At the end of 2017, Fessenheim had more than 1,000 employees and service providers on site.

Only 294 people will be needed on site for the fuel removal process until 2023, and about 60 after that for the final disassembly.

It is estimated that shutting down the reactor will put the livelihoods of 2,500 people in the tiny Alsatian community at risk, directly or indirectly.

In Fressenheim, people expressed anger over the decision, fearing for the future of the workers that would lose their jobs.

“What pain, it is inhuman what is happening,” the CGT labour union tweeted as the first switches were flicked.

“We want to die,” they tweeted.

 

The government has said workers will be transferred to other EDF sites. But many would have to leave their families behind.

Safety failures

The reactor in Fessenhaim opened in 1977 and had outlived its projected 40-year life span by three years.

While there is no legal limit on the life span of French nuclear power stations, EDF has envisaged a 40-year ceiling for all second-generation reactors, which use pressurised water technology.

France's ASN nuclear safety authority has said reactors can be operated beyond 40 years only if ambitious safety improvements are undertaken.
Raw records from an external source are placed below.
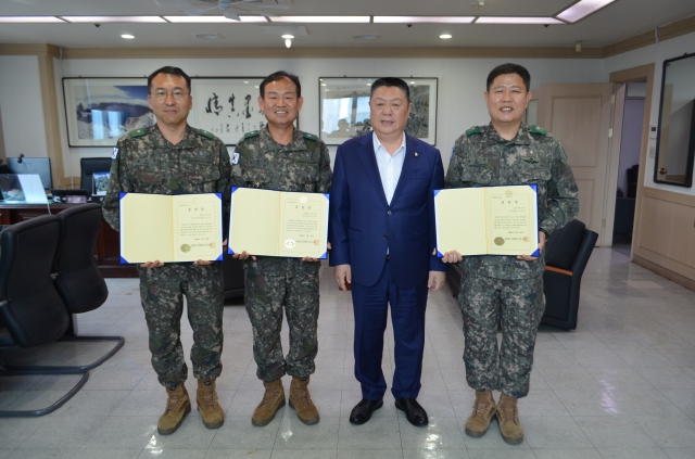 [뉴스서울] 대구 중구의회 김오성 의장은 지난 16일 의회 의장실에서 50사단 대구 중구 예비군지역대장(김영선), 기동대장(박준영), 동인동대장(정두영)에게 표창장을 수여했다.
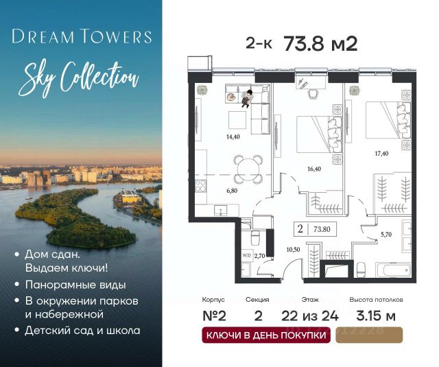 Увеличенный объем панорамного остекления создает неповторимое ощущения воздушности пространства! Двор-набережная с видами на гладь реки и кроны деревьев. Премиальный квартал DREAM RIVA — авторская архитектура в курортной концепции, воплощающей силу природных стихий в каждой детали оформления и благоустройства. Продаётся Квартира с 1 спальней квартира на 2 этаже 26-этажного дома (3 корпус). Общая площадь: 46.6 кв.м. Высота потолков от 3 м. Формат приватного досуга и эксклюзивные привилегии в DREAM RIVA с приоритетным доступом для резидентов: - Первая линия Москвы-реки с открытыми видами на воду и город; - 3 Га приватного прибрежного парка с зонами для спорта и йоги; - Открытый солярий; - Школа и собственный детский сад; - Многофункциональные детские игровые площадки и детское кафе с игровой комнатой; - Клубная гостиная и lounge-бар. Локация вне конкуренции — инфраструктура полуострова предлагает всё, что нужно для размеренной жизни, работы, отдыха и развлечений: - Благоустроенная набережная с гастрогалереей; - Парк аттракционов Остров Мечты (в торговой части: рестораны, кафе, супермаркет, магазины, салон красоты, йога-студия и многое другое); - 44 Га ландшафтных парков для прогулок, спорта, пикников; - Пляжный комплекс Dream Beach Club со множеством бассейнов, ресторанов, баров и развлечений для любого возраста; - Яхт-клуб; - Вейк-парк; - Кинотеатр под открытым небом и многое другое. Удобная транспортная доступность: - Центр рядом: 15 минут до Садового кольца на авто, 20 минут до Сити или Кремля; - В 5 минутах прогулочным шагом — станция метро "Технопарк"; - Южный речной вокзал. Наши менеджеры будут рады провести для Вас консультацию и подробнее рассказать о проекте. Успейте купить на лучших условиях! Продается 2-комнатная квартира в новостройке в районе Нагатинский затон в Москве.
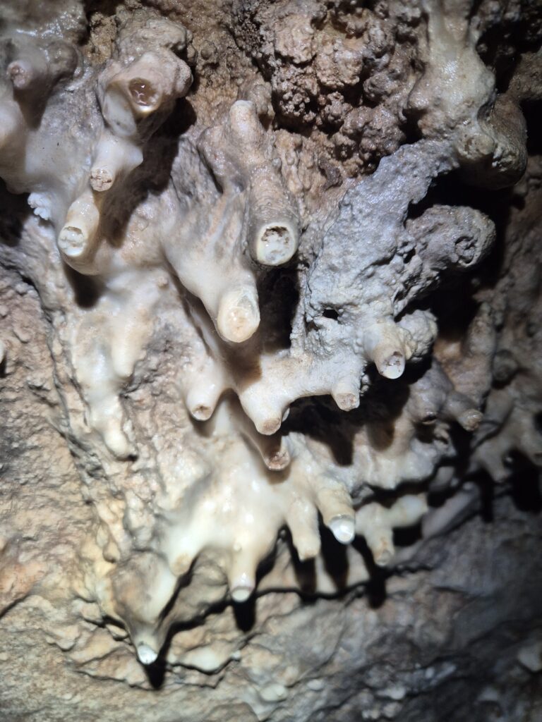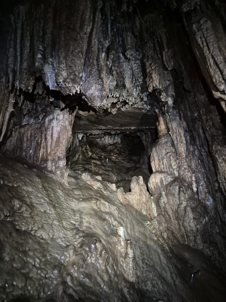 On observe de nombreuses formations rocheuses : stalactites, stalagmites et autres colonnes, mais aussi de petits bassins formés par l’eau ruisselante. A un moment le guide nous propose d’éteindre les frontales et de profiter de quelques minutes dans le noir le plus totale à entendre les simples ruissellements de l’eau.
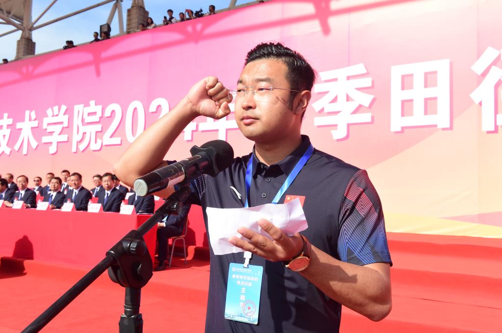 运动会总裁判长屈睿宣布比赛成绩
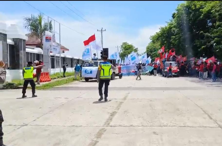Selama orasi berlangsung di depan kantor KPT, personel pengamanan membentuk barikade yang humanis namun tegas, memfasilitasi buruh menyuarakan tuntutan mereka, di antaranya kenaikan UMK menjadi Rp 3,5 juta dan penghapusan outsourcing.
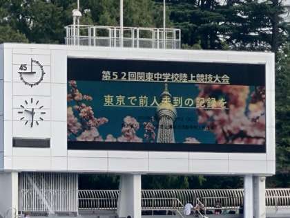 関東中学校陸上競技大会1 8月8日(木) 公開日 2024/08/08 更新日 2024/08/08 できごと 駒沢陸上競技場にいます。 今年の関東中学校陸上競技大会会場。 弦巻中学校からは、110mH東京都代表として選ばれた代表生徒が走ります。 東京で陸上競技部の憧れの駒沢競技場です。 頑張れ!! いいね(0)
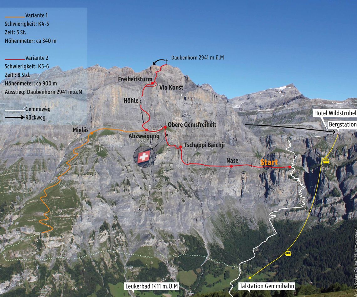 As a complete novelty, Leukerbad offers the breathtaking “Gemmiwand” to climbers. With uncountable carbines and hundreds of meters of ropes and ladders the climbing wall was built in autumn 1998. It’s a must for every moutainlover to go for this great trip. Our local mountain guides are pleased to take you for this adventure.
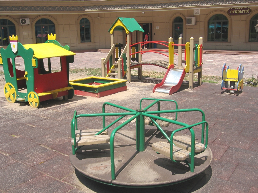 Мурадым Жахметов: Первое — это карусель - то, что считают многие родители самым опасным видом оборудования. Хочу вас уверить, что карусели нашего производства являются совершенно безопасными. Основными требованиями к карусели являются жесткое крепление фундамента и отсутствие любых выступающих граней за пределами круга. Второе основное правило к каруселям, которое игнорируется большинством производителей — это высота платформы над поверхностью земли. Она должна быть не больше 10 см.

In the 1990s and 2000s, several safety failures were reported at Fessenheim, including an electrical fault, cracks in a reactor cover, a chemistry error, water pollution, a fuel leak, and non-lethal radioactive contamination of workers.

In 2007, the same year a Swiss study found that seismic risks in the Alsace region had been underestimated during construction, the ASN denounced a “lack of rigour” in EDF's operation of the plant.

A pro-nuclear energy group protests outside the Greenpeace headquarters in Paris the day France switched off the Fessenheim nuclear power plant. Photo: AFP

.. not done before 2040

Former president Francois Hollande pledged to close Fessenheim – on the Rhine river – but it was not until 2018 that his successor Emmanuel Macron gave the final green light.

The procedure to finally shut down the plant, four months after the first reactor was taken offline, started hours earlier than scheduled, and will be followed in the coming months and years by the site's dismantlement.

After its disconnection from the power grid Monday, it will be months before Fessenheim's reactors have cooled enough for the spent fuel to be removed.

That process should be completed by 2023, but the plant is not expected to be fully dismantled before at least 2040.

12 more closures announced

Without Fessenheim, France will still have 56 pressurised water reactors at 18 nuclear plants  generating around 70 percent of its electricity.

Only the United States, with 98, has more reactors, but France is by far the world's biggest consumer of nuclear energy.

In January, the government said it would shut 12 more reactors nearing or exceeding the 40-year limit by 2035 – when nuclear power should represent just 50 percent of the country's energy mix – in favour of renewable sources.

At the same time, EDF is racing to get its first next-generation reactor running by 2022 – 10 years behind schedule – and more may be in the pipeline.

Future plans under consideration for Fessenheim include turning it into a site for recycling low-level radioactive metal, or a biofuel plant, both promising to bring back hundreds of jobs, but neither expected to materialise for several more years.